Loading the Required Libraries

1library(readr)
2library(ggplot2)
3library(forecast)
4library(fpp2)
5library(TTR)
6library(dplyr)

{r}

Reading the Data

The first line of code below reads in the data, while the second line prints the overview of the data.

1dat <- read_csv("timeseriesdata.csv")
2glimpse(dat)

{r}

Output:

1Observations: 564
2Variables: 7
3$ date 	<chr> "01-01-1968", "01-02-1968", "01-03-1968", "01-04-1968...
4$ pce  	<dbl> 531.5, 534.2, 544.9, 544.6, 550.4, 556.8, 563.8, 567....
5$ pop  	<int> 199808, 199920, 200056, 200208, 200361, 200536, 20070...
6$ psavert  <dbl> 11.7, 12.2, 11.6, 12.2, 12.0, 11.6, 10.6, 10.4, 10.4,...
7$ uempmed  <dbl> 5.1, 4.5, 4.1, 4.6, 4.4, 4.4, 4.5, 4.2, 4.6, 4.8, 4.4...
8$ unemploy <int> 2878, 3001, 2877, 2709, 2740, 2938, 2883, 2768, 2686,...
9$ Class	<chr> "Train", "Train", "Train", "Train", "Train", "Train",...

Data Partitioning

We will be creating the training and the test data sets for model validation. The first couple of lines of code below perform this task by using the 'Class' variable that already has labels of Train and Test.

The third line of code prints the number of rows in the training and the test data. Note that the test data set has 12 rows because we will be building the model to forecast for 12 months ahead.

1dat_train = subset(dat, Class == 'Train')
2dat_test = subset(dat, Class == 'Test')
3 
4nrow(dat_train); nrow(dat_test)

{r}

Output:

1[1] 552
2[1] 12

Preparing the Time Series Object

To run the forecasting models in 'R', we need to convert the data into a time series object which is done in the first line of code below. The 'start' and 'end' argument specifies the time of the first and the last observation, respectively. The argument 'frequency' specifies the number of observations per unit of time.

We will also create a utility function for calculating Mean Absolute Percentage Error (or MAPE), which will be used to evaluate the performance of the forecasting models. The lower the MAPE value, the better the forecasting model. This is done in the second to fourth lines of code.

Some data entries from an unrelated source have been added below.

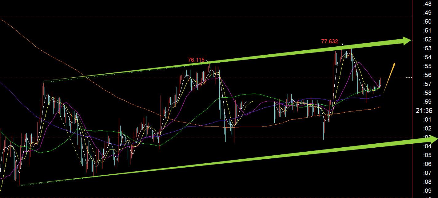 白银同理,也是一个震荡上行通道,守住下轨即可;今晚74.2上支撑,阻力看75.7-76、77.7;
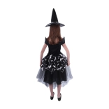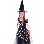 Ce magnifique costume de sorcière avec motifs de chauves-souris est un excellent choix pour les filles de 6 à 8 ans mesurant 117 à 128 cm. La robe noire à jupe vaporeuse est décorée d’éléments argentés, et le chapeau parfaitement assorti avec un élégant ruban argenté complète l’ensemble.
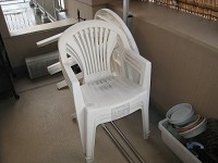 軽いプラスチック製の机やイスも全部ベランダに移動。これらが風で飛んでしまうと大変ですから。 |
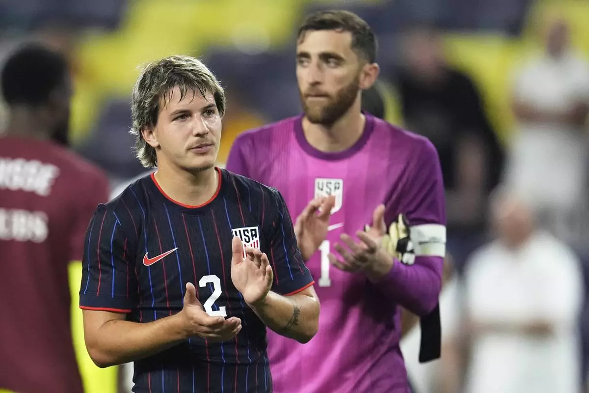 United States defender John Tolkin (2) and goalkeeper Matt Turner (1) applaud the fans after the team's loss in an international friendly soccer match against the Switzerland, Tuesday, June 10, 2025, in Nashville, Tenn. (AP Photo/George Walker IV)

1dat_ts <- ts(dat_train[, 6], start = c(1968, 1), end = c(2013, 12), frequency = 12)
2 
3#lines 2 to 4
4mape <- function(actual,pred){
5  mape <- mean(abs((actual - pred)/actual))*100
6  return (mape)
7}

{r}

With the data and the mape function prepared, we move to the forecasting techniques in the subsequent sections.

Naive Forecasting Method

The simplest forecasting method is to use the most recent observation as the forecast for the next observation. This is called a naive forecast and can be implemented using the 'naive()' function. This method may not be the best forecasting technique, but it often provides a useful benchmark for other, more advanced forecasting methods.

The first line of code below reads in the time series object 'dat_ts' and creates the naive forecasting model. The second argument 'h' specifies the number of values you want to forecast which is set to 12, in our case. The second line prints the summary of the model as well as the forecasted value for the next 12 months.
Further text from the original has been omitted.